Shadowgin,
As I write here in a forum, each post is addressed to a wider audience with a mix level of experience, so the information here might be known to you, but I like to be complete, as far as possible.
OK, that was simple and as expected, but I had to see the set up. It can have many reasons, and guessing around is not really efficient. So, this was perfect, thanks for the scene file again.
The file for RGBA and for Multi-pass are at 8bit/channel. That might work to a certain degree, but not really when your scene is in Linear. Which results for even 8bit files to use a linear color profile, which is certainly far away from being optimal, talking about the Multi-pass file here.
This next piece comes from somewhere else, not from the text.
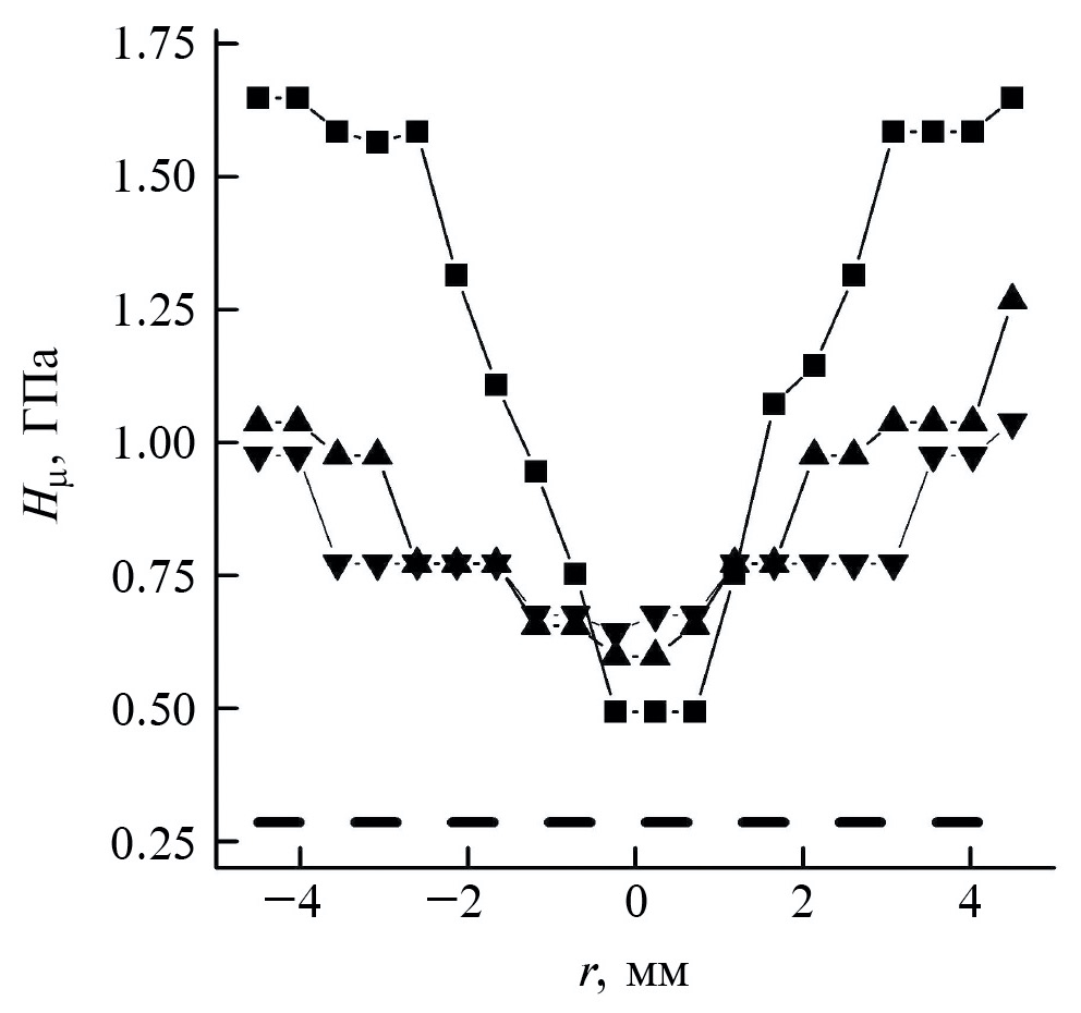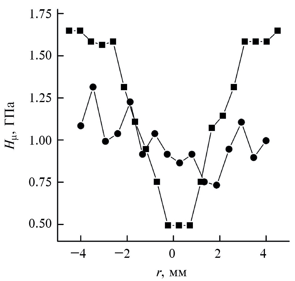 Как было установлено ранее [10], консолидированные из фольг алюминиевые диски склонны к естественному старению, которое сопровождается снижением твердости. Проведенные в настоящей работе измерения твердости поверхности диска, деформированного кручением на 4 об. под давлением 4 ГПа и состаренного в течение года, показали (рис. 3), что распределение твердости становится более однородным за счет снижения H на периферии и подрастания в центральной части. Среднее значение твердости снижается от 1.2 до 0.98 ГПа.

The problem with 8bit/channel is simple, you get “bandings”, soon or later. To avoid that the files are dithered. If that works - fine, but for multi-pass, well, that is not really the way it works. Yes you can do that, but if all files would become dithers in a Multi-pass file, each differently of course, you would end up with a lot of noise. If all where the same, they would be visible artifacts. Not to mention that any dithering destroys any data channel. Multi-pass has many uses, but I guess if the final result, after finishing in post, will typically differ from the single image approach. Often strong changes are wanted even, and that needs a “fat negative” to say in film terms. You want information as differentiated as possible bore and after the changes. Low bit numbers limted this, hence why I write here so detailed about it. Check your histogram, you have only a small bandwidth here in use, and with the fine tonality in your image, in that small area the best differentiation is needed to gain good results.
Since a while I guess it is not even a good idea to use 16bit/channel for that anymore, even many people do that, and might get weird results perhaps. Again, it works to a certain degree, but the problems are just not easy to ignore. Speed, budget and other reasons are given typically, but on the end all that counts is the final product.
If you have on the other hand only a single pass, the Beauty pass as you mentioned it, this one gets after all the calculation in 32bit/channel/float(inside C4D) then the typical 8bit/channel dither treatment, if not switched off. When no post finishing is needed, that might be even OK. However, even small TV stations have switched already in the late ‘90s to 10bit as minimum, and yes, many people cheat here and it might even work.
The problem with compositing files, even a single (frame) multi-pass image in gamma space is kind of difficult.The advantage of linear are widely acknowledge, and since a decade+ even in Adobe’s main apps available (to a certain degree).
Most apps, like Photoshop or to my knowledge After effects, if not in 32bit/float mode, work in a “post-gamma” workflow. Light room BTW is pre-gamma, with an essential change how curves work and represents colors after a change, etc. (RED Cine X, has both BTW Pre and Post)
(I have done tests with your scene in all discussed/suggested formats. 8bit shows problems, anything else not.) So, do the same comparison with 32bit/channel float Open EXR and compare again, you will barely see a difference in tonal values. Barely? Well, since we have floating point many blending modes failed, anything like “1/a*1/b” kinda blend-modes (e.g., screen) and all mixtures thereof, as in Overlay. With the result that many companies, e.g., The Foundry moved to new formulas to get the wanted effect. The simplicity of the old days are gone, and with the new codes some derivations have been seen. Minor. Hence my carefully expressed comment.
I have said it often, and I do it again, the “.hdr” aka Radiance is NOT a 32bit/channel float format, far away from it. It is a 4*8bit -RGBE format, where the E stands for the multiplication of all three RGB at the same time. For colors the worse idea one can have to use it in production. So, OpenEXR. Which allows also to store in the best way from all formats to store data channels. Photoshop 32bit/channel works as weel, and perhaps a little bit better with the Adobe pipeline. I personally have a better experience with “.psb” files in 32bit/channel. Less prone to failure. Either way, even tiff works, they get rather large
So, anything 8bit, can be used, but it is not at all any kind of quality compared to what is used or requested. Yes, it is a delivery format for the web, but during production—it is simple not anymore.
I hope my detailed text will help to avoid the problems you mentioned. The question why is it offered anyway, because even today where we all move toward a “REC 2020 UHD HDR TV” signal, we work with proxies. Or just for motion and animation tests, etc.